▸ **Aim of the exercise**: Beginning with the line containing "Contemporary artwork of" and going on through the line containing "and daily sleepwear.", the lines below are to be returned exactly, pictures excluded and nothing added.

Top of Data for processing

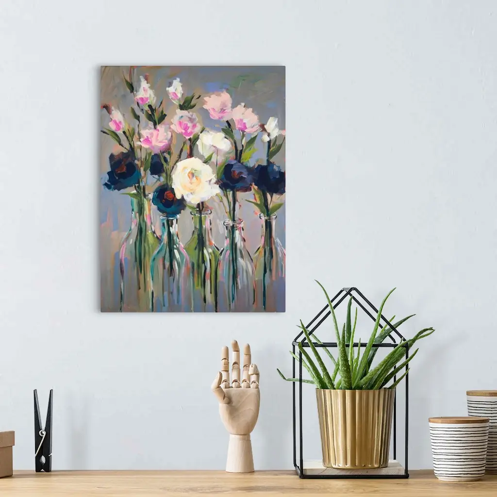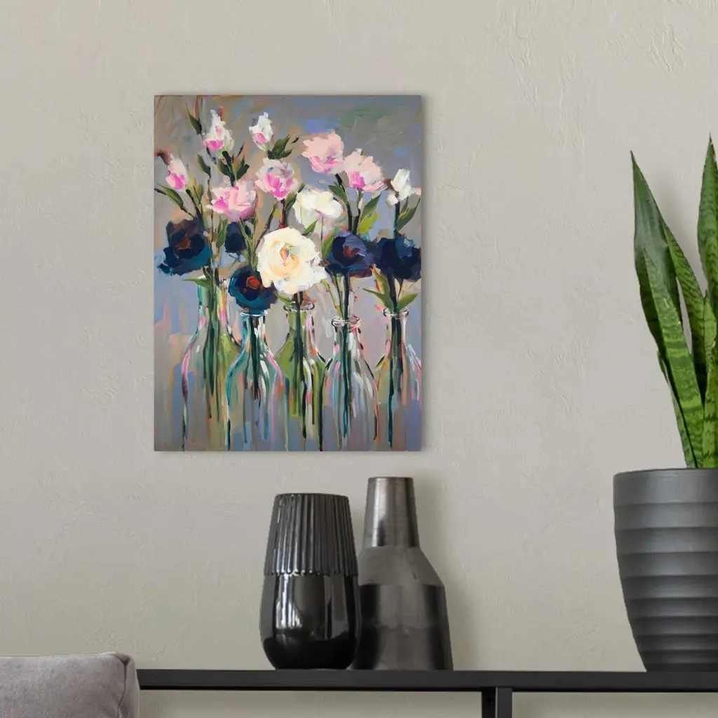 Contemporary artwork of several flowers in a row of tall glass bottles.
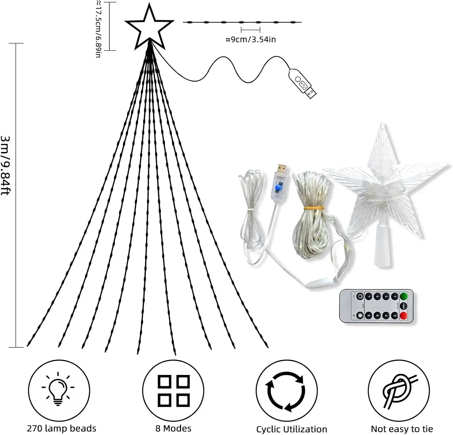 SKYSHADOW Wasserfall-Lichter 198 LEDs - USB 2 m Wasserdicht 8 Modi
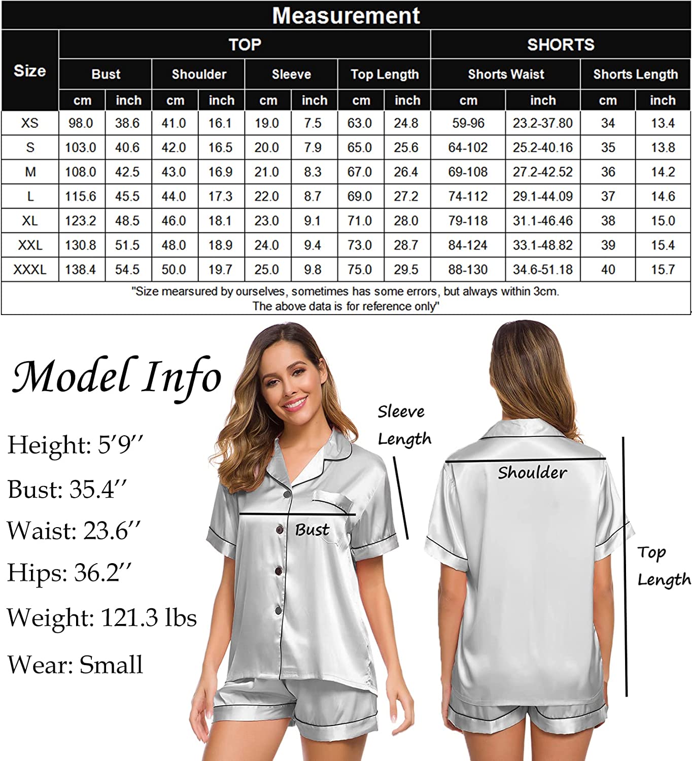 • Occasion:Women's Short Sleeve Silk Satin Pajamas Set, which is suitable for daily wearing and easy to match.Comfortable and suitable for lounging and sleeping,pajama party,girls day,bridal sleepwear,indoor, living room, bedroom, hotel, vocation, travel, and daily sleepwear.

Bottom of Data for processing
Top of Data for processing

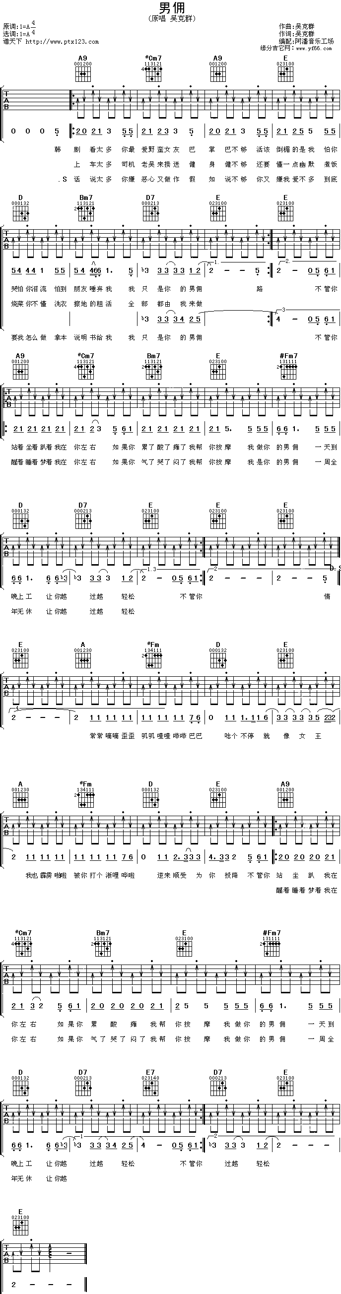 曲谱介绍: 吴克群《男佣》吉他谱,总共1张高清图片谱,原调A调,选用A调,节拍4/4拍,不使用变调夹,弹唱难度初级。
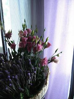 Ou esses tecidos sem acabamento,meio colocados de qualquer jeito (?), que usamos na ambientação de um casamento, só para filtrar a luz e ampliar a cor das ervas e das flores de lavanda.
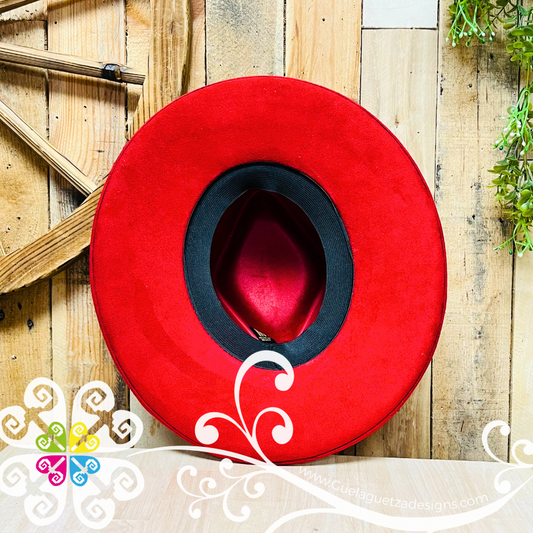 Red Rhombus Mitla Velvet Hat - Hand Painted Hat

Bottom of Data for processing
Top of Data for processing

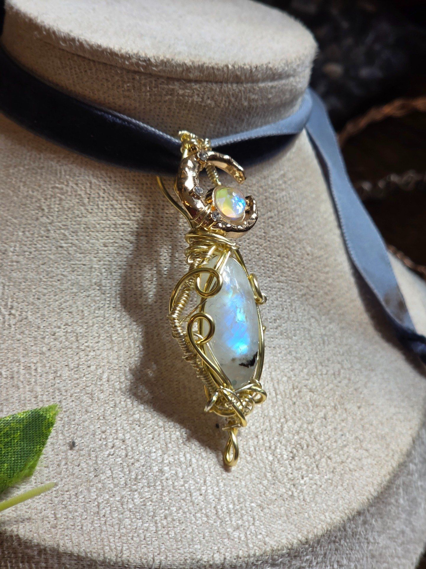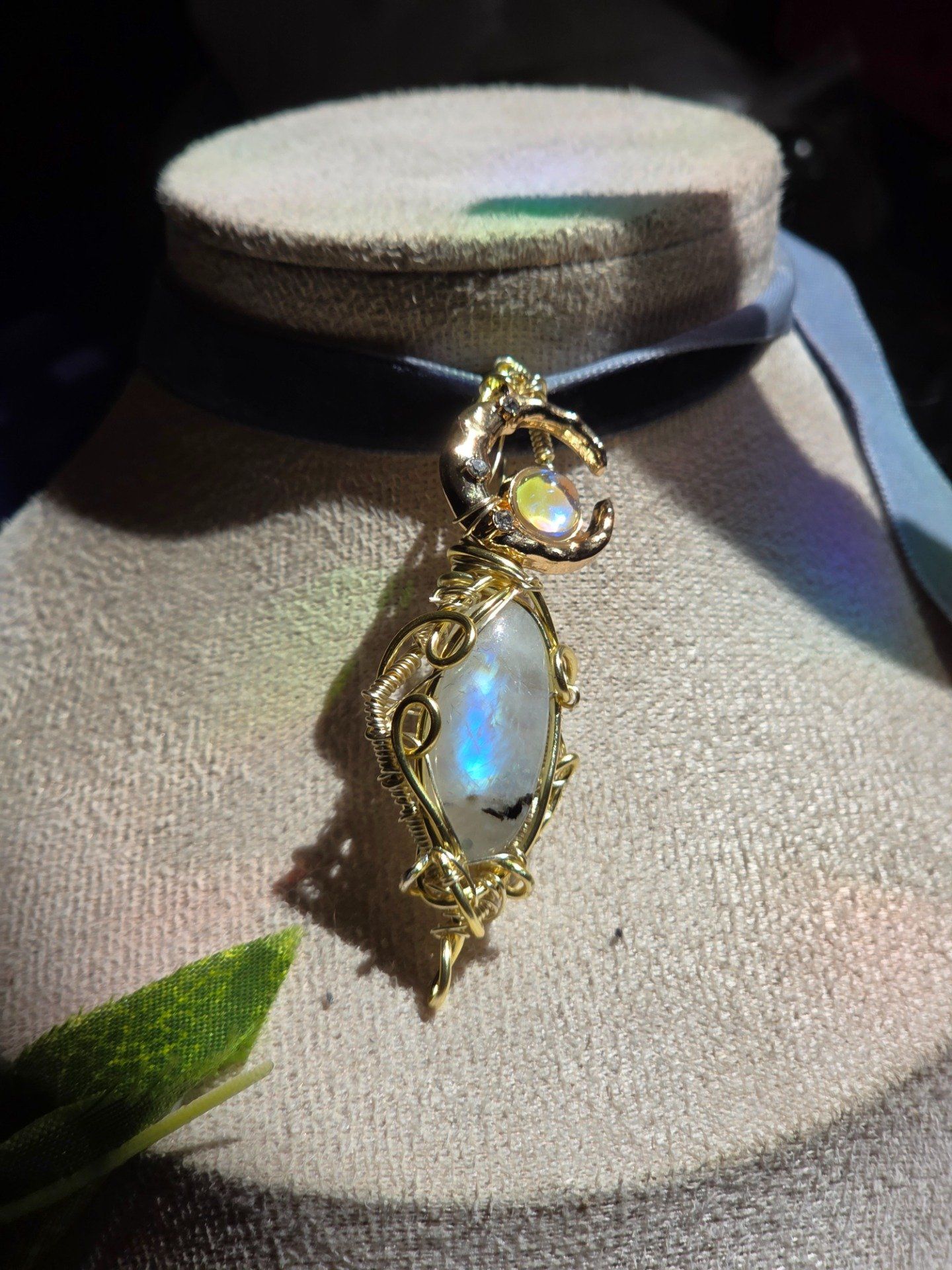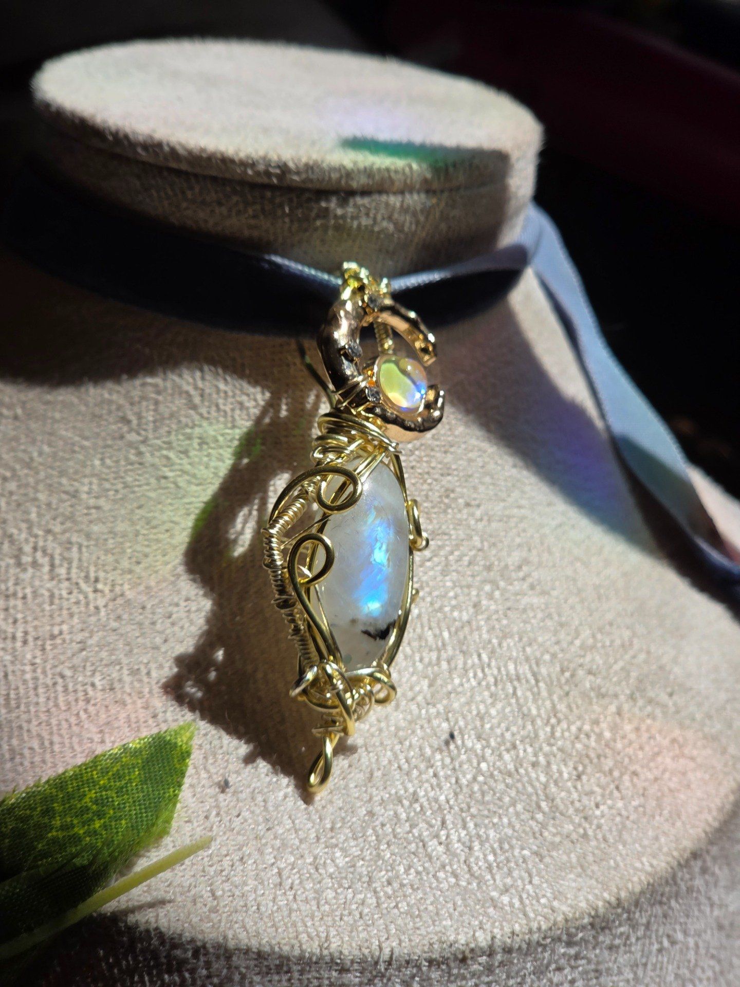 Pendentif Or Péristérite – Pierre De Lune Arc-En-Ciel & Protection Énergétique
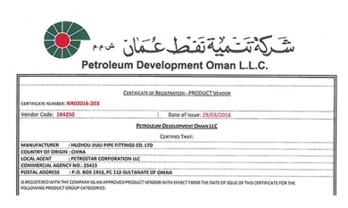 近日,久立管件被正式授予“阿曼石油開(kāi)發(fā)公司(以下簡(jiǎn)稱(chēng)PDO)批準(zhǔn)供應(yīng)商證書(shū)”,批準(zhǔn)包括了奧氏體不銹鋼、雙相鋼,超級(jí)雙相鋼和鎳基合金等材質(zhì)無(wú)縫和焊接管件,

Bottom of Data for processing

▸ **Written response**:
 Contemporary artwork of several flowers in a row of tall glass bottles.
 SKYSHADOW Wasserfall-Lichter 198 LEDs - USB 2 m Wasserdicht 8 Modi
 • Occasion:Women's Short Sleeve Silk Satin Pajamas Set, which is suitable for daily wearing and easy to match.Comfortable and suitable for lounging and sleeping,pajama party,girls day,bridal sleepwear,indoor, living room, bedroom, hotel, vocation, travel, and daily sleepwear.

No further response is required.